Try it –
Return the entries that follow exactly, with no images.

Records contained in a dataset
= Beginning of Section =
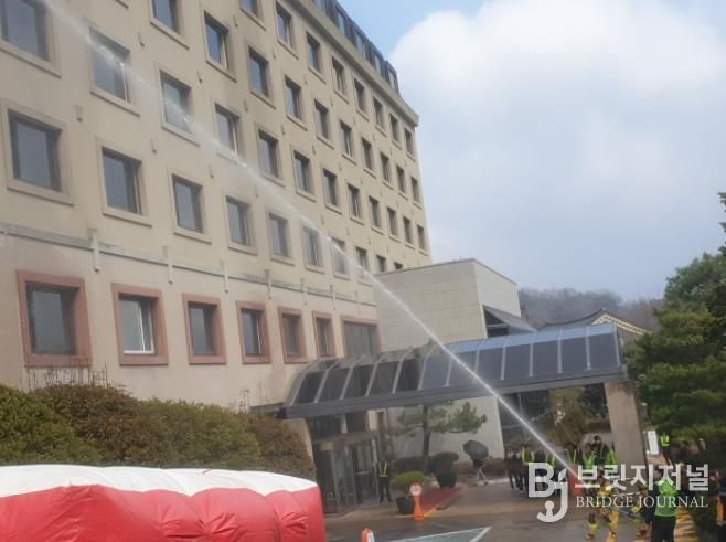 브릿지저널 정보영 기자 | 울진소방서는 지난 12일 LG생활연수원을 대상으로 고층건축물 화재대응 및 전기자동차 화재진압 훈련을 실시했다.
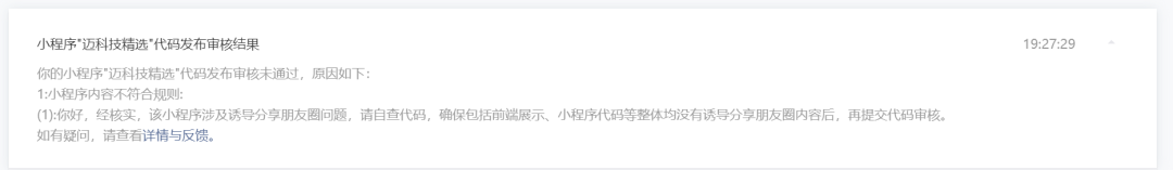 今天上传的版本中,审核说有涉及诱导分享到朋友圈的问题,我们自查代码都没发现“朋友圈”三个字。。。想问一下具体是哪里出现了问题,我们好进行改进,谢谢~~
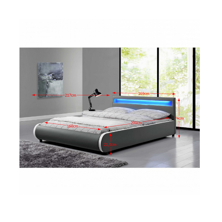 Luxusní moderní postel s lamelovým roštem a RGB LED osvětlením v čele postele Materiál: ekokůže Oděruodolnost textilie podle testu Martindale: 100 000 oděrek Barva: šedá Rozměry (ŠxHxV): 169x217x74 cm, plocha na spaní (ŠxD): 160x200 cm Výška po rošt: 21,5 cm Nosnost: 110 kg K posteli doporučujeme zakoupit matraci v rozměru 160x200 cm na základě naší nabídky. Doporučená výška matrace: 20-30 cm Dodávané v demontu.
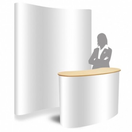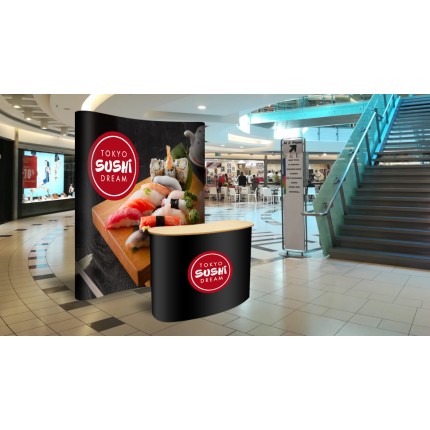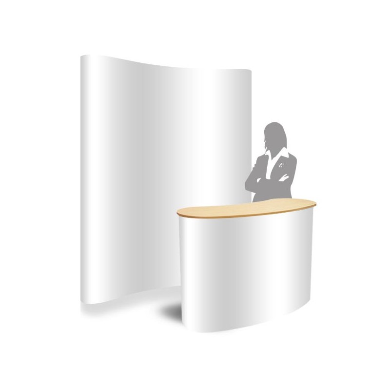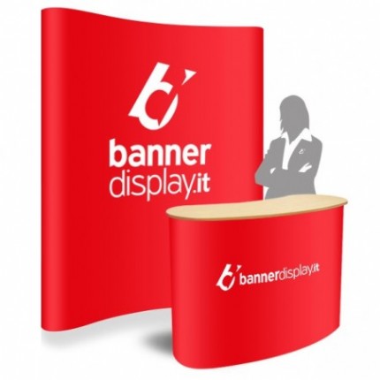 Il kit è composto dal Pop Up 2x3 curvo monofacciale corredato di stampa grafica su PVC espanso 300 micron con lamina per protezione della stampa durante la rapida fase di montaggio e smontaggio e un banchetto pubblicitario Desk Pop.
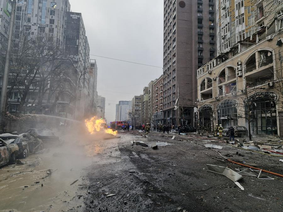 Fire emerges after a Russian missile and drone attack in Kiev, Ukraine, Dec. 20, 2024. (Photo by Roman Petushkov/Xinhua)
= End of Section =
Exercise output –
 브릿지저널 정보영 기자 | 울진소방서는 지난 12일 LG생활연수원을 대상으로 고층건축물 화재대응 및 전기자동차 화재진압 훈련을 실시했다.
 今天上传的版本中,审核说有涉及诱导分享到朋友圈的问题,我们自查代码都没发现“朋友圈”三个字。。。想问一下具体是哪里出现了问题,我们好进行改进,谢谢~~
 Luxusní moderní postel s lamelovým roštem a RGB LED osvětlením v čele postele Materiál: ekokůže Oděruodolnost textilie podle testu Martindale: 100 000 oděrek Barva: šedá Rozměry (ŠxHxV): 169x217x74 cm, plocha na spaní (ŠxD): 160x200 cm Výška po rošt: 21,5 cm Nosnost: 110 kg K posteli doporučujeme zakoupit matraci v rozměru 160x200 cm na základě naší nabídky. Doporučená výška matrace: 20-30 cm Dodávané v demontu.
 Il kit è composto dal Pop Up 2x3 curvo monofacciale corredato di stampa grafica su PVC espanso 300 micron con lamina per protezione della stampa durante la rapida fase di montaggio e smontaggio e un banchetto pubblicitario Desk Pop.
 Fire emerges after a Russian missile and drone attack in Kiev, Ukraine, Dec. 20, 2024. (Photo by Roman Petushkov/Xinhua)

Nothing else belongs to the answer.